The differences in the engine and tires probably arent noticable..
IMO, the headlight is the only practical difference..
If you will often be snowblowing at night, get the Compact..
If you never snowblow at night, I would say get which ever is cheaper.

Scot


----------



## Peter Venkman (Nov 1, 2017)

I was in the same boat then you a month ago. I was looking at the classic 24.

I ended up with the Deluxe 24 Used in really good condition ( the person was moving and used it 6 or 7 times ) 

it looked brand new and i paid 1150,00 $ Canadian Dollars for it ( no taxes )

A classic 24 in canada is 1200,00 plus taxes total : 1380,00 $ 

The guy told me he never changed the oil, so it's the first thing i did, and it was still looking like new oil inside. I changed the skids to teflon ones, and the metal ones that were on were barely scratched. There was still orange paint under them.

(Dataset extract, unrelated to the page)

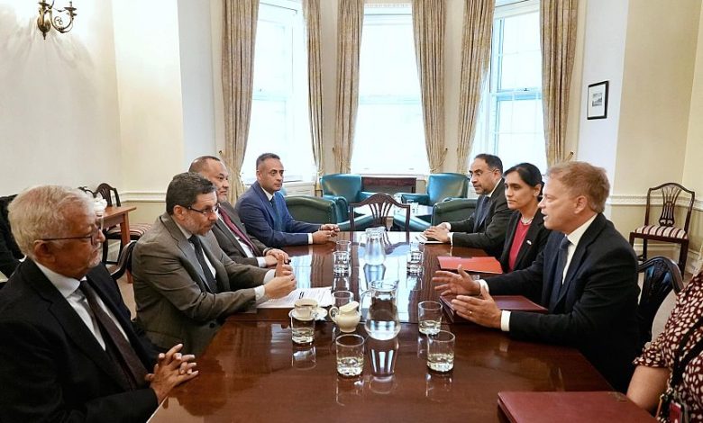 بحث رئيس مجلس الوزراء الدكتور أحمد عوض بن مبارك، اليوم، في العاصمة البريطانية لندن، مع وزير الدفاع البريطاني غرانت شابس، التطورات في اليمن والمنطقة، ومجالات الدعم والتعاون الثنائي في مجال الدفاع بين اليمن وبريطانيا.

I really think people should spend a bit more time looking at used ones. It's a nice way to upgrade and having no regrets. And you don't need to be a genius to tell if it's in good condition or not.


----------



## billy (Feb 11, 2011)

sscotsman said:


> Three differences:
> 
> *Compact 24*
> Bigger engine.
> ...




I went from a SnoTek 24 with 13inch in tires (basically identical to the Classic) to a Deluxe 24 with 15 inch tires. The most noticeable difference was not the engine, augers or headlight. To me the tire size made the biggest and most appreciable difference. Not sure if it is worth $300 in the posters case though............


----------